"""
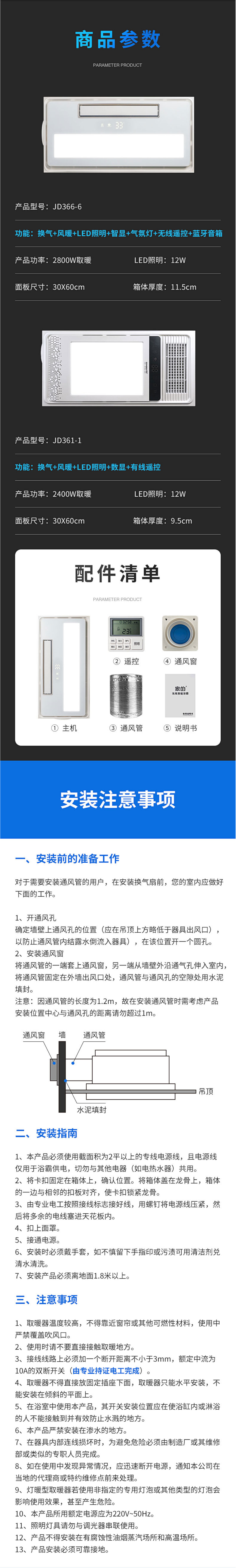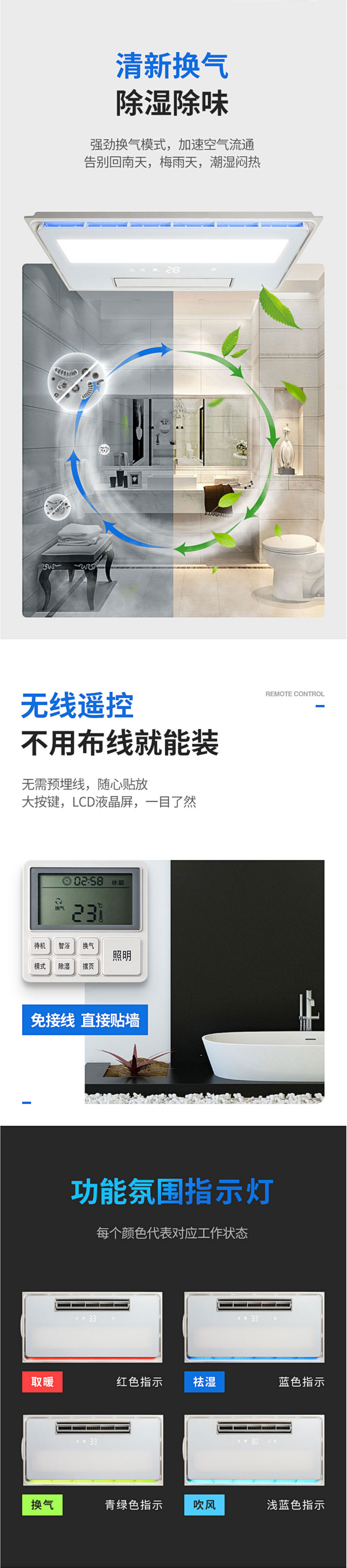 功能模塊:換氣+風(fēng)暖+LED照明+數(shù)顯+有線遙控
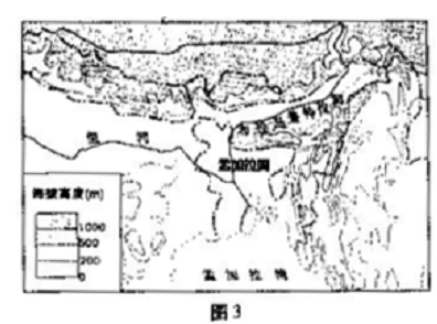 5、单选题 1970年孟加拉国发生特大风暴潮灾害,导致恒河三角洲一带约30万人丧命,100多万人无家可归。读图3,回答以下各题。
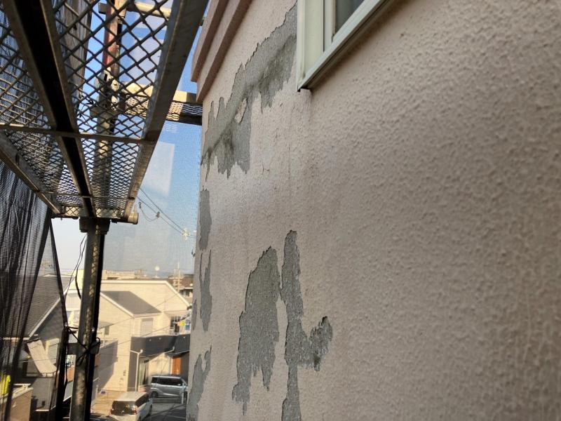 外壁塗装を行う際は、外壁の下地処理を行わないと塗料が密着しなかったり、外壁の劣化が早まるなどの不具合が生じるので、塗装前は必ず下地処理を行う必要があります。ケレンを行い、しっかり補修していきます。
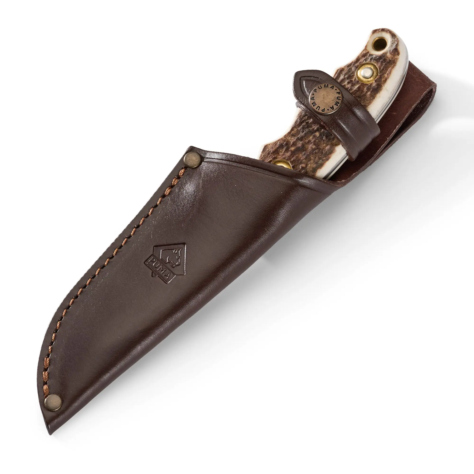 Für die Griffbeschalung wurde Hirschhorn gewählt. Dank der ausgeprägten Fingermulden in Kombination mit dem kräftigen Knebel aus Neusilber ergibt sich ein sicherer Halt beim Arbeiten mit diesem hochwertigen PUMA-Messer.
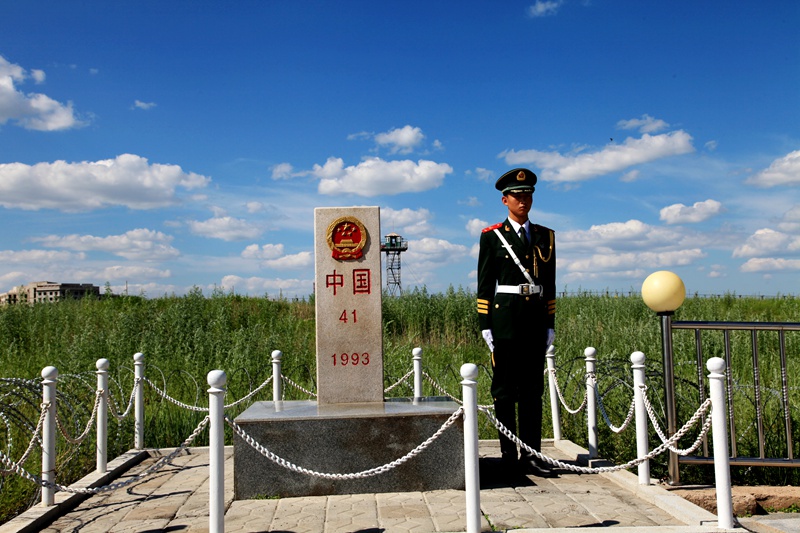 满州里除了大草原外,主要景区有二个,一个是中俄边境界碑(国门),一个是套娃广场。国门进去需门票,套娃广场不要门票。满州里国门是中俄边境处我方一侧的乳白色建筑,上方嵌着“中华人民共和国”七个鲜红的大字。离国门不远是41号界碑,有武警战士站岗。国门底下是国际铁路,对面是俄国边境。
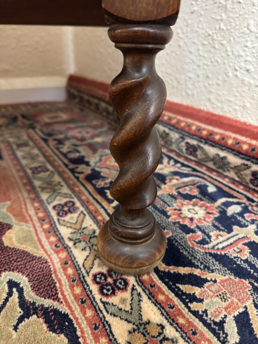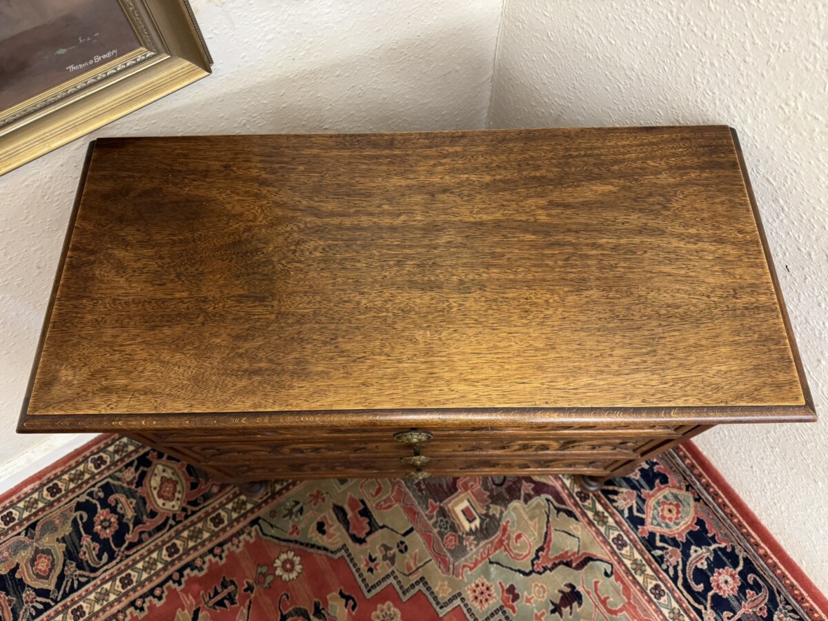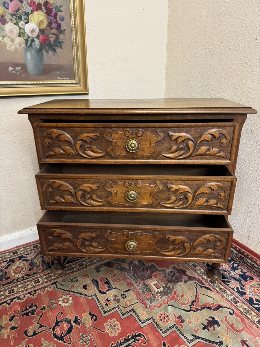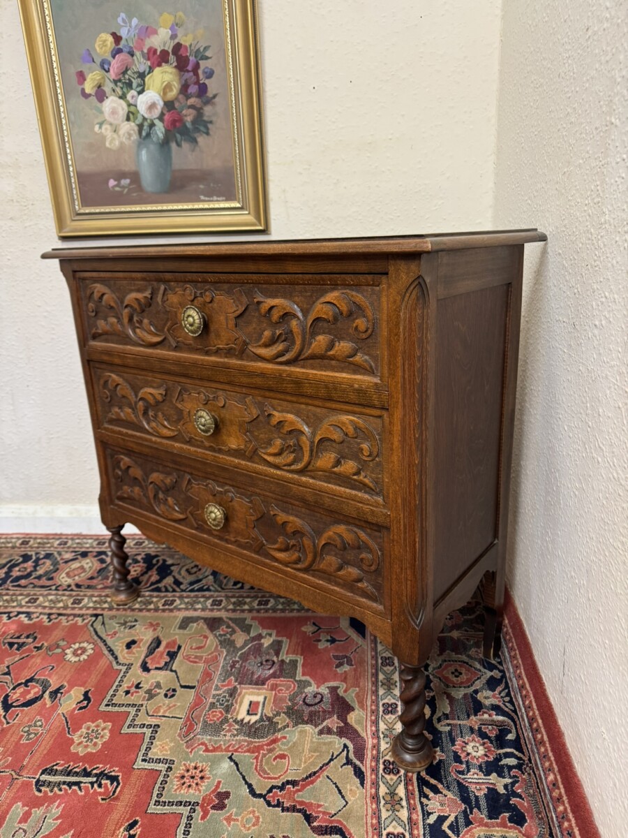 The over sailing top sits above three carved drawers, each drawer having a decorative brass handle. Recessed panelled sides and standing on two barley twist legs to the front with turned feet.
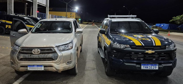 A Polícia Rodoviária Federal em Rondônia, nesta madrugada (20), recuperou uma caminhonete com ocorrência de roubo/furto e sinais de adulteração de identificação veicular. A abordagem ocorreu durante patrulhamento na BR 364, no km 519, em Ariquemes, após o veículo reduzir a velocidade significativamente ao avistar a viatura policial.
"""
Assignment – Your task is to retype exactly the lines that run from the line with "满州里除了大草原外,主要景区" through the last line of the material, with the pictures left out.

Result below –
 满州里除了大草原外,主要景区有二个,一个是中俄边境界碑(国门),一个是套娃广场。国门进去需门票,套娃广场不要门票。满州里国门是中俄边境处我方一侧的乳白色建筑,上方嵌着“中华人民共和国”七个鲜红的大字。离国门不远是41号界碑,有武警战士站岗。国门底下是国际铁路,对面是俄国边境。
 The over sailing top sits above three carved drawers, each drawer having a decorative brass handle. Recessed panelled sides and standing on two barley twist legs to the front with turned feet.
 A Polícia Rodoviária Federal em Rondônia, nesta madrugada (20), recuperou uma caminhonete com ocorrência de roubo/furto e sinais de adulteração de identificação veicular. A abordagem ocorreu durante patrulhamento na BR 364, no km 519, em Ariquemes, após o veículo reduzir a velocidade significativamente ao avistar a viatura policial.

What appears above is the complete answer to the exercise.